NEW YORK (GenomeWeb) — An international team of scientists from the 1000 Genomes Project Consortium has created the world's largest catalog of genomic differences among humans.
This achievement, documented in a pair of papers published yesterday in Nature, marks the completion the 1000 Genomes Project, which found more than 99 percent of variants in the human genome that occur at a frequency of at least 1 percent in the populations studied.
"The 1000 Genomes Project was an ambitious, historically significant effort that has produced a valuable resource about human genomic variation," Eric Green, director of the National Human Genome Research Institute, said in a statement. "The latest data and insights add to a growing understanding of the patterns of variation in individuals' genomes, and provide a foundation for gaining greater insights into the genomics of human disease."
Advances in DNA sequencing and bioinformatics were vital to completing the project. Over the course of the 1000 Genomes Project, the scientists developed improved methods for large-scale DNA sequencing and analysis and interpretation of genomic information, in addition to finding better ways to store such a large amount of this data.
In one of the Nature studies, the consortium's researchers expanded analysis beyond bi-allelic events, as they has done in previous studies, to include multi-allelic SNPs, indels, and a diverse set of structural variants. Their analysis included samples from the 26 populations focused on throughout the 1000 Genome Project, which included groups from Africa, the Americas, Europe, South Asia, and East Asia.
Researchers used 24 sequence analysis tools and machine-learning classifiers to separate high-quality variants from potential false positives while balancing sensitivity and specificity. Then they constructed haplotypes for the samples. To control the false discovery rate of SNPs and indels a variant quality score threshold was defined using high-depth PCR-free sequence data generated for one individual per population. For structural variants, additional orthogonal methods were used for confirmation, including microarrays and long-read sequencing, resulting in false discovery rates of less than 5 percent for deletions, duplications, multi-allelic copy-number variants, Alu and L1 insertions; and less than 20 percent for inversions, SVA composite retrotransposon insertions, and nuclear mitochondrial DNA variants.
The study discovered, genotyped, and phased more than 88 million variable sites, about 12 million of which had common variants that the scientists believe are likely shared by many of the populations. The project has now contributed or validated 80 million of the 100 million variants currently in the public dbSNP catalogue. It has also enhanced scientists' knowledge of genetic variation within South Asian (which account for 24 percent of novel variants) and African populations (28 percent of novel variants).
In the second Nature study, scientists examined differences in the structure of the genome in the 2,504 samples.
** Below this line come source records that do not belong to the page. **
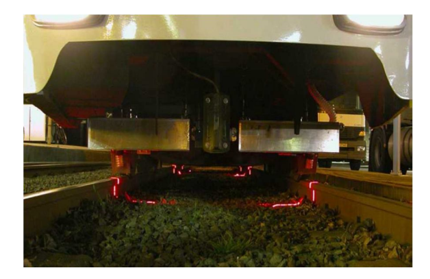
Fig.3: Alignment of Ultra sonic sensors

Once the tracked length has reached desired failure level the sensors send a signal to the micro controller to send message to sever about failure detection in term of location information.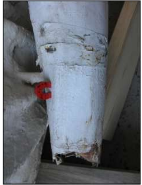
Figure 9A. Lower portion of the right arm with an improper steel sheet metal repair.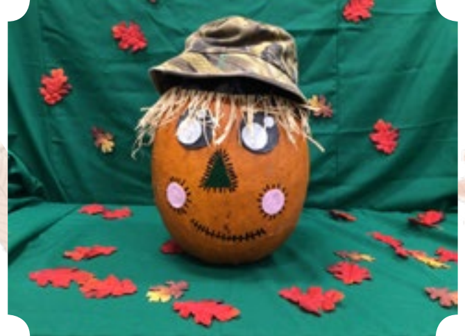
Stan The Scarecrow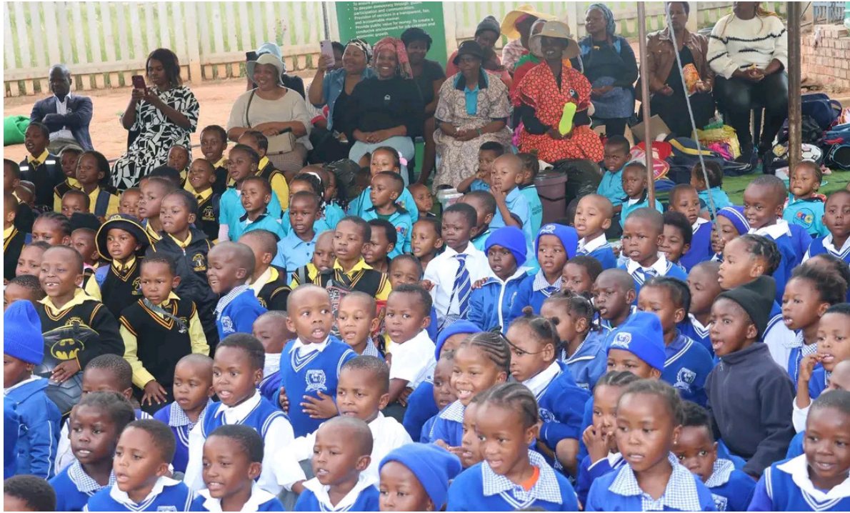
ECD centres and local pre-school children attended in numbers during the Library Week event, held at Vlakfontein Library.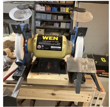
Wen Grinder; 1750 RPM; 8" Wheels; With Wolverine Grinding Jig and Vari-grind Jig. - $150.00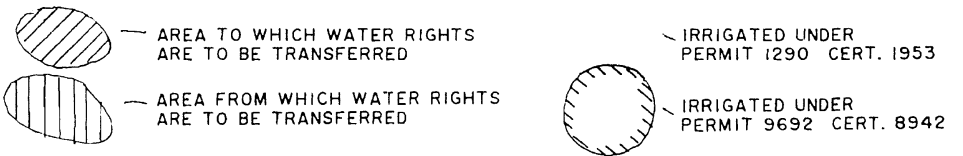
MAP SHOWING POINTS OF DIVERSION SCALE: 1" = 2640'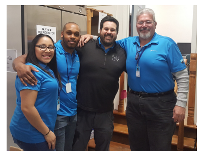
Legacy Power employees spent a morning helping clients in our Food Pantry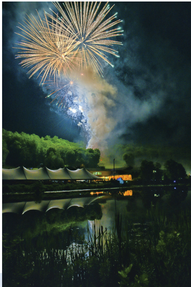
Fireworks at Shawnee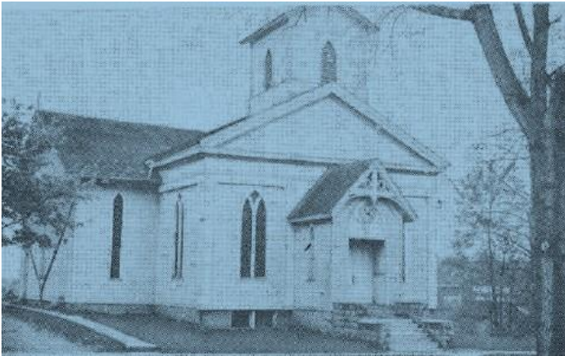
Present Baptist Church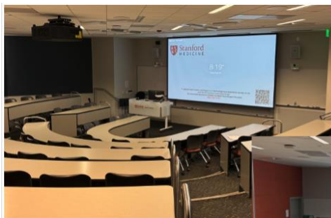
Ling Ka Shing classroom 120

They found nearly 69,000 differences, known as structural variants, including deletions, insertions, and duplications. The researchers then created a map of eight classes of structural variants that potentially contribute to disease.
"Structural variation is responsible for a large percentage of differences in the DNA among human genomes," Jan Korbel, lead author on the paper and research council investigator of the European Molecular Biology Laboratory's Genome Biology Unit, said in a statement. "No study has ever looked at genomic structural variation with this kind of broad representation of populations around the world."
Korbel and his colleagues discovered that structural variants were often more complicated than they originally thought. For example, the majority of inversions, which involve DNA sequences changing their orientation in the genome, frequently occur alongside other structural changes.
One of the more immediate uses of 1000 Genomes Project data is for genome-wide association studies, which compare the genomes of people with and without a disease to search for regions that contain genomic variants associated with that disease. Scientists can now combine genome-wide association study data with the more detailed 1000 Genomes Project data to home in on regions affecting disease more precisely without having to sequence the genomes of all the people in a study, which remains expensive.
"The 1000 Genomes Project has laid the foundation for others to answer really interesting questions," 23andMe's Adam Auton, the main study's senior author and principal investigator who until recently was assistant professor of genetics at the Albert Einstein College of Medicine in New York City, said in a statement. "Everyone now wants to know what these variants tell us about human disease."